■ **About this task**
Retype the lines from the one containing "Numérotée et signée" through the last line of the entries below, exactly and in full, omitting every image.
==== Task material ====
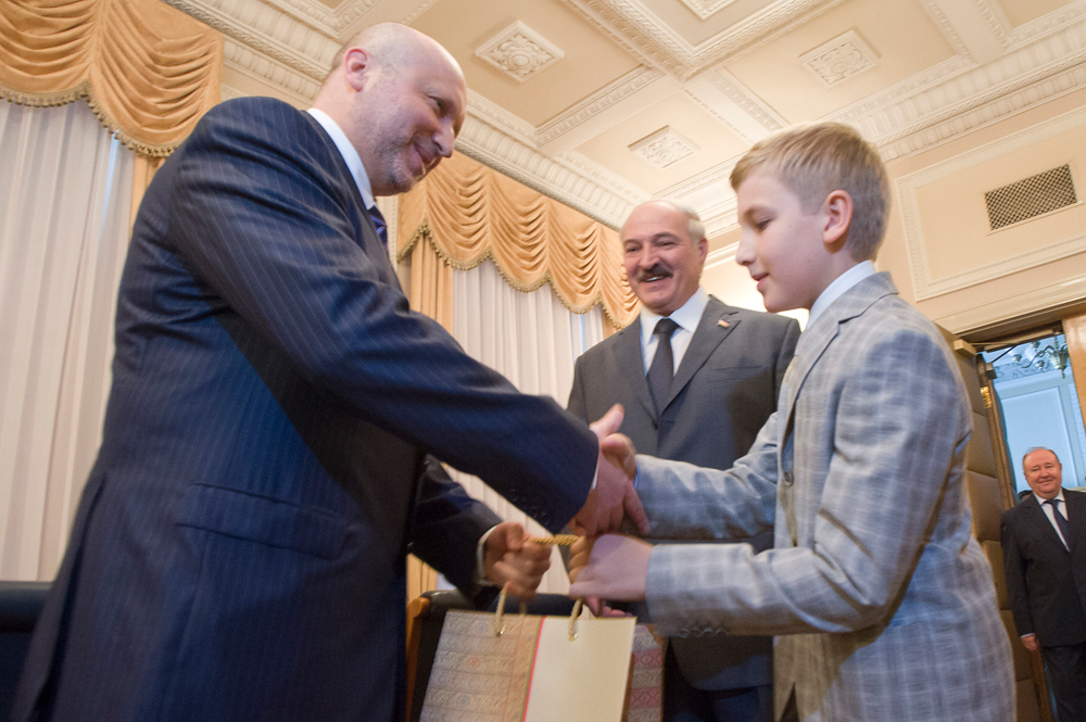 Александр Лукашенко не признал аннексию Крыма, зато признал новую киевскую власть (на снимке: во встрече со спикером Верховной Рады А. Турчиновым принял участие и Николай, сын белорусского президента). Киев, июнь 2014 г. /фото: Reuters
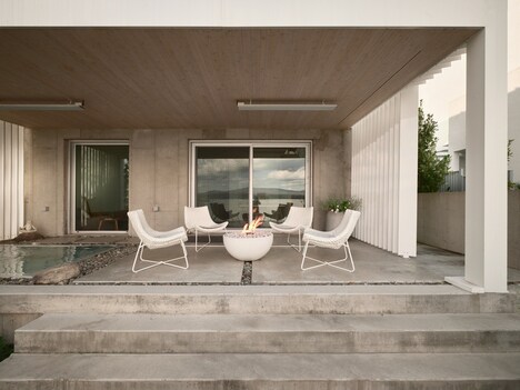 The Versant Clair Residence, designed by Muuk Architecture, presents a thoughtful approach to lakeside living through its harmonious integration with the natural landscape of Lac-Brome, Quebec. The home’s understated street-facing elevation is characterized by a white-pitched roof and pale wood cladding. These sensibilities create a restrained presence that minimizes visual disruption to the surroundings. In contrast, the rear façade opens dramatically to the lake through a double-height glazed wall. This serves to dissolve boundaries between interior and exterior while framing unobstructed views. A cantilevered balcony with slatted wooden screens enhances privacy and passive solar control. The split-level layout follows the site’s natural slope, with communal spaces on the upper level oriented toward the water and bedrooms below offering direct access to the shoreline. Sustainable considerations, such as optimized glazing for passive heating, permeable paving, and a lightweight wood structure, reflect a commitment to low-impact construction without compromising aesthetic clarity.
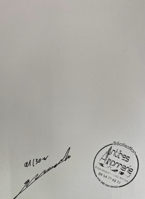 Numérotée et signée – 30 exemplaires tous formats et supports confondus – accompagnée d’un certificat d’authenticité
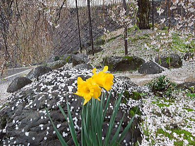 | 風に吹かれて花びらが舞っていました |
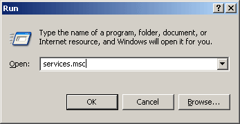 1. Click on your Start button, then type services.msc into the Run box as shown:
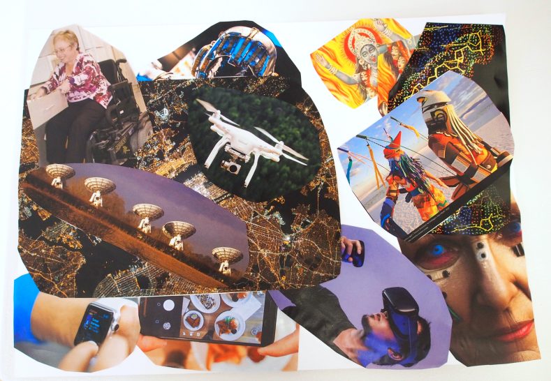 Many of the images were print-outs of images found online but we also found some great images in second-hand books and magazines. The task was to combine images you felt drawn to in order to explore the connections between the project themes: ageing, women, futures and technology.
====
■ **Output of the task**
 Numérotée et signée – 30 exemplaires tous formats et supports confondus – accompagnée d’un certificat d’authenticité
 | 風に吹かれて花びらが舞っていました |
 1. Click on your Start button, then type services.msc into the Run box as shown:
 Many of the images were print-outs of images found online but we also found some great images in second-hand books and magazines. The task was to combine images you felt drawn to in order to explore the connections between the project themes: ageing, women, futures and technology.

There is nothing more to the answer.